Vol. 9 No. 2 · 22 January 1987

SIR: Barbara Everett’s review of John Kerrigan’s edition of William Shakespeare’s Sonnets (LRB, 18 December 1986) contains a criticism which is implicit rather than explicit: all her quotations from Shakespeare give the original spelling and punctuation, whereas Kerrigan’s edition uses modernised spelling and punctuation. It would be interesting to have an explicit rather than implicit answer to this question: is there any convincing argument for Shakespeare not to be printed in the original style? As Herbert Farjeon said in his Nonesuch edition, ‘after the old text, has not the modern something of the flatness of soda-water after champagne?’

Nicolas Walter
London N1

Barbara Everett writes: It is desirable to have good modern – i.e. modernised – texts of all the older writers. But scholars and critics, especially when concerned with textual points and with cruces of meaning, in works as difficult as Shakespeare’s can be, will find it necessary to study the earliest printed texts (or, where extant, the manuscripts) in order to form their independent judgment.

Vol. 9 No. 3 · 5 February 1987

SIR: I was enchanted by what I take to be a playful suggestion by Barbara Everett (LRB, 18 December 1986) that Shakespeare’s wife believed ‘rightly or wrongly’ that the Sonnets had been ‘mostly addressed to herself’, and that it was she and her brother who were responsible, in 1609, for their publication. Miss Everett likens this to a certain designer, quoted in a Sunday newspaper, having a sketchbook published without his permission and dedicated to him, just as Master William Hathaway and Thorpe dedicated the Sonnets to their ‘onlie begetter’, Shakespeare himself.

I expected that the next Letters page of the LRB would be devoted to responses to this wholly distinctive reading of the old enigmas, and was astonished to find no reply at all in your current issue.

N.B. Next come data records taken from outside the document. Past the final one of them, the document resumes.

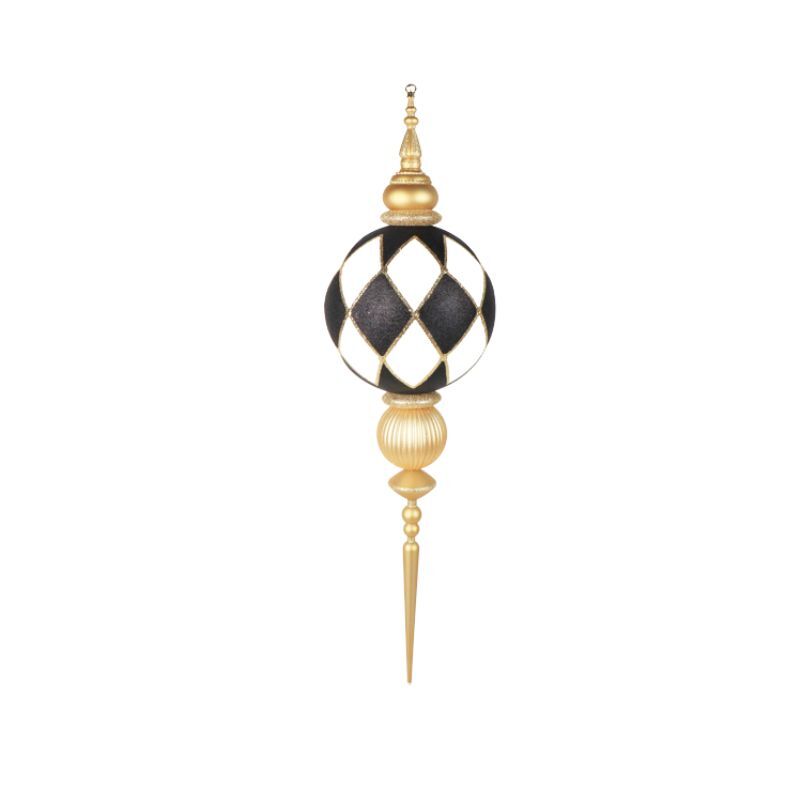 Elevate your décor with this luxurious 1.3m finial, featuring a striking black and white design accented by elegant gold glitter. Its sophisticated style adds a refined touch to any setting, making it perfect for enhancing festive displays or upscale interiors. Crafted to impress, this finial combines classic colors with a shimmering finish for timeless appeal.
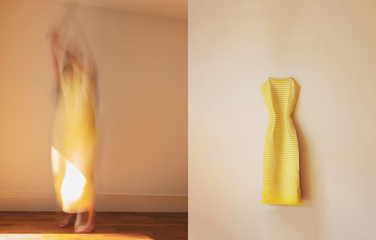 黃郁媚 Yu Mei Huang(以下簡稱Mei):這次的創作透過不同的拍攝手法展現了布料在有無身體之間的型態變化。當一塊布被平放與被穿著後從2D到3D型態上的改變,意圖挑戰大眾對於針織柔軟的印象,並探討身體如何成為一個創造織品輪廓的媒材。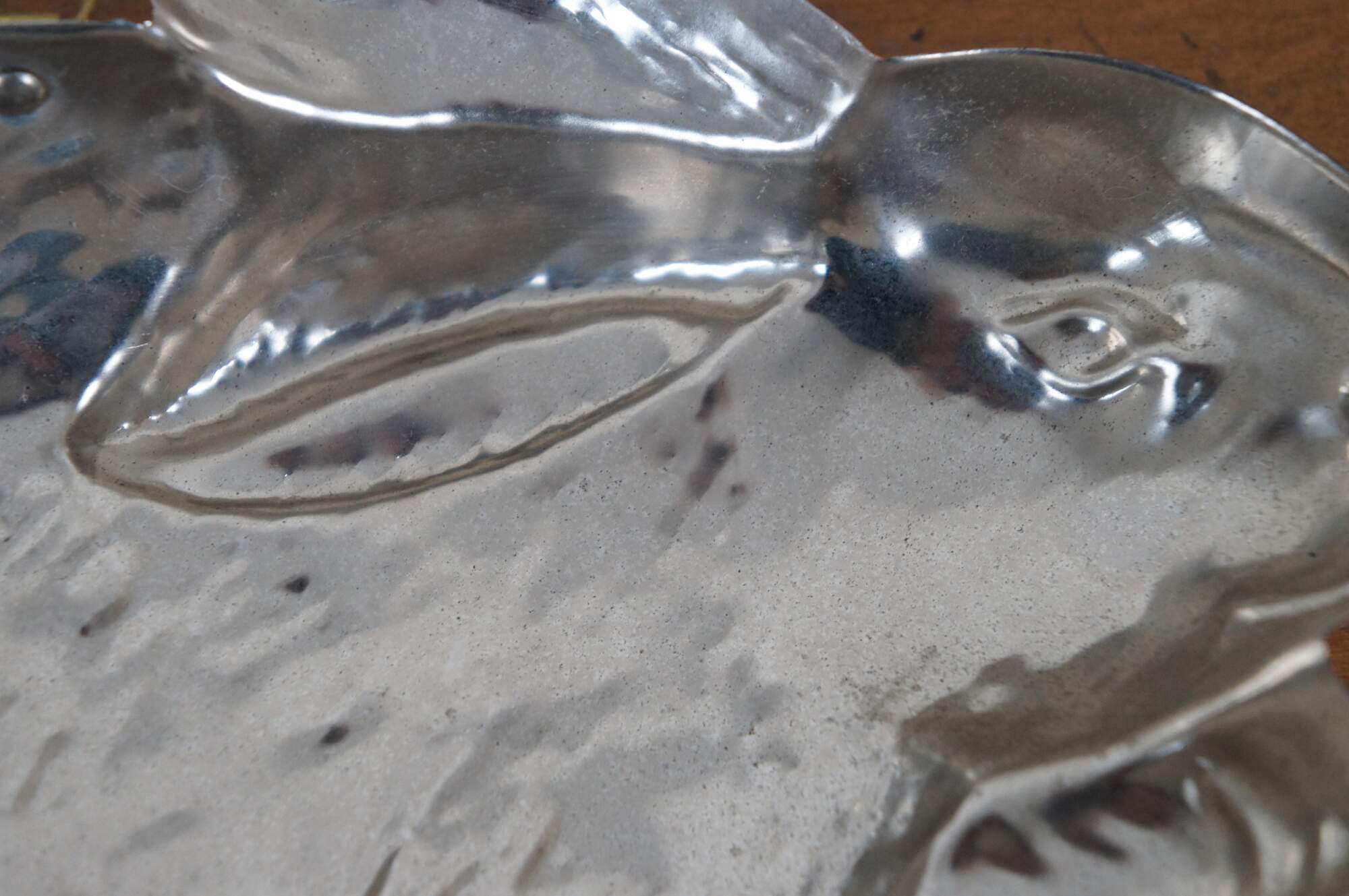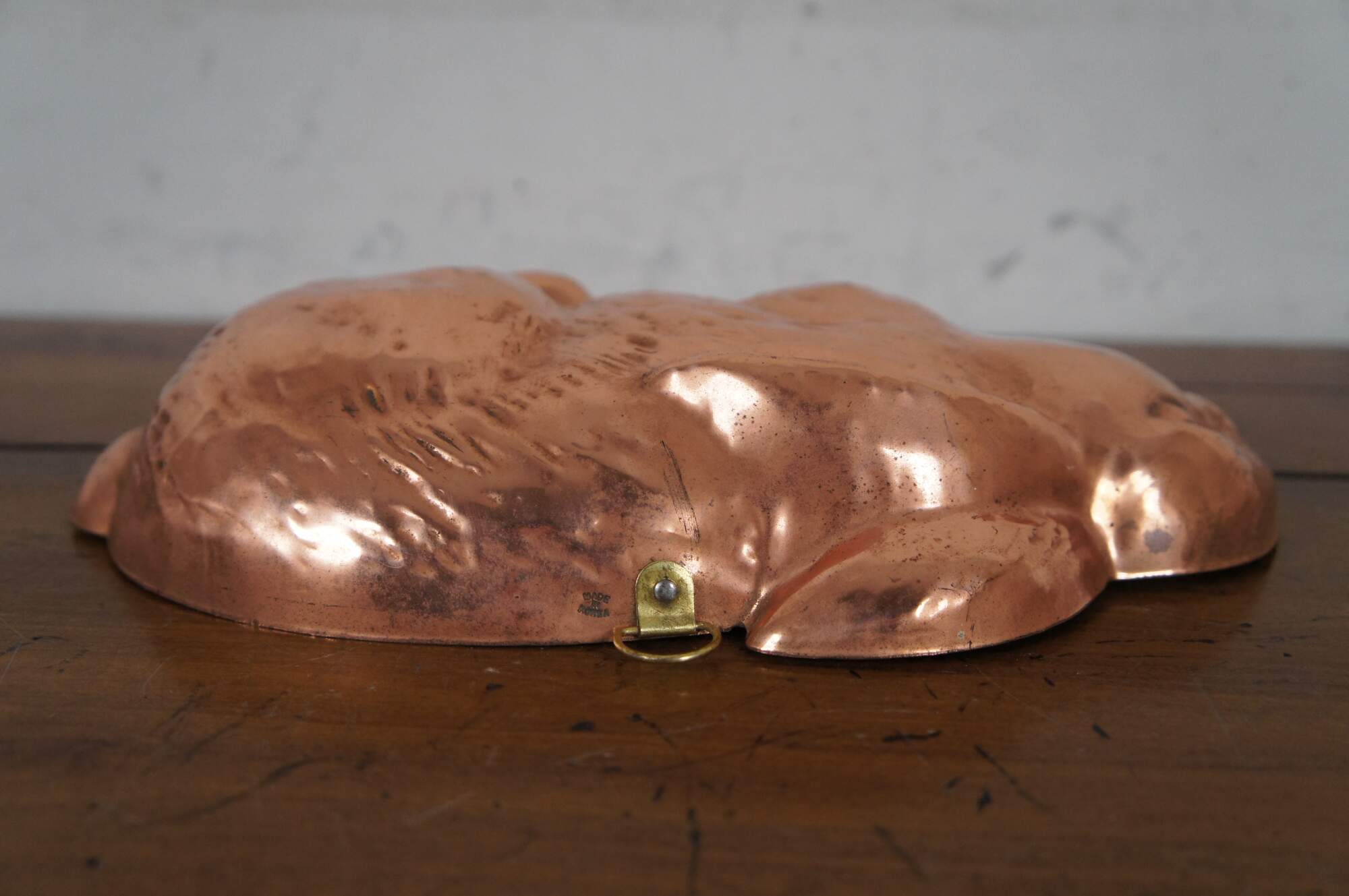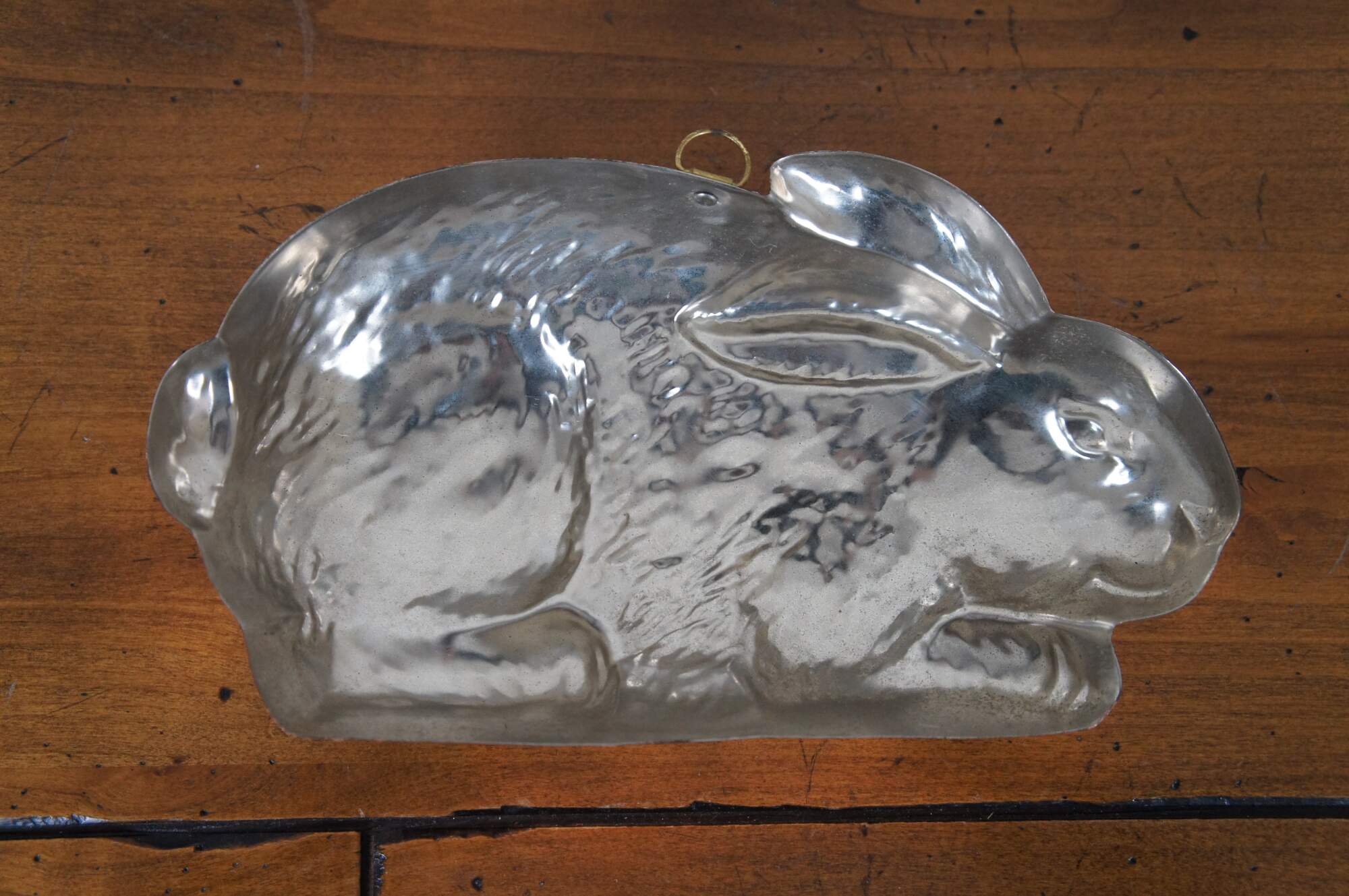 Vintage tin / aluminum lined copper cake pan / dessert mold in the shape of a rabbit / Easter Bunny, with a brass ring for hanging. Made in Korea.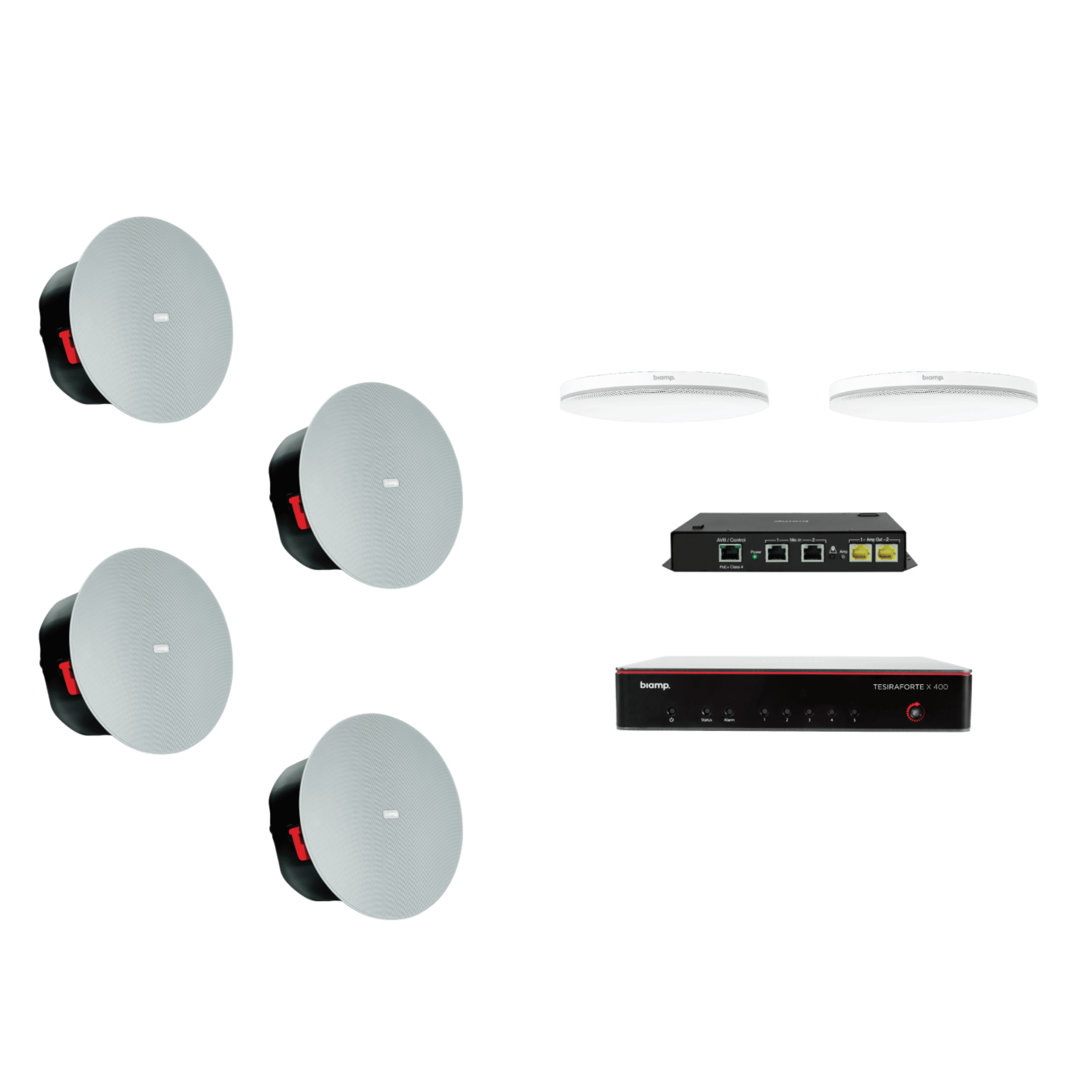 Kluczowe cechy: Brak konieczności programowania i automatyczna kalibracja z Biamp Launch. Indywidualna redukcja echa akustycznego (AEC) poprawia komfort zdalnych uczestników. Czyste audio nawet podczas jednoczesnej wypowiedzi wielu osób. Redukcja szumów minimalizuje problematyczne dźwięki, takie jak praca klimatyzacji. Głośniki zoptymalizowane pod kątem reprodukcji mowy w zastosowaniach konferencyjnych.

Perhaps the scholars, each with some cherished view of the Sonnets, are made angry by Miss Everett. I, who am no scholar, was impressed, but totally unconvinced. I was impressed by the sort of Balzac novel which Miss Everett had evidently written in her head before she penned her essay. Here is a picture of appalling provincial intrigue and marital duplicity, two stupid greedy people rifling a locked cupboard in New Place, and coming upon the poems; their immediate reaction: ‘there be money in sonnets.’ Master W.H. getting on his nag and riding off to London while his sister stuffed ‘Shall I compare thee to a summer’s day’ into the saddlebags. Miss Everett professes ‘real sympathy’ for the latest editor of the Sonnets ‘when he brushes aside the cloud of biographical enigma cant’. But she must not be allowed to dismiss her own original theory with such characteristic sprezzatura.

I love it. But I can’t believe it. Let us suppose that Barbara Everett is right – not about the Hathaways pinching the MS and flogging it to Thorpe, but in her more general point that the Sonnets are a sort of metaphorical marital journey.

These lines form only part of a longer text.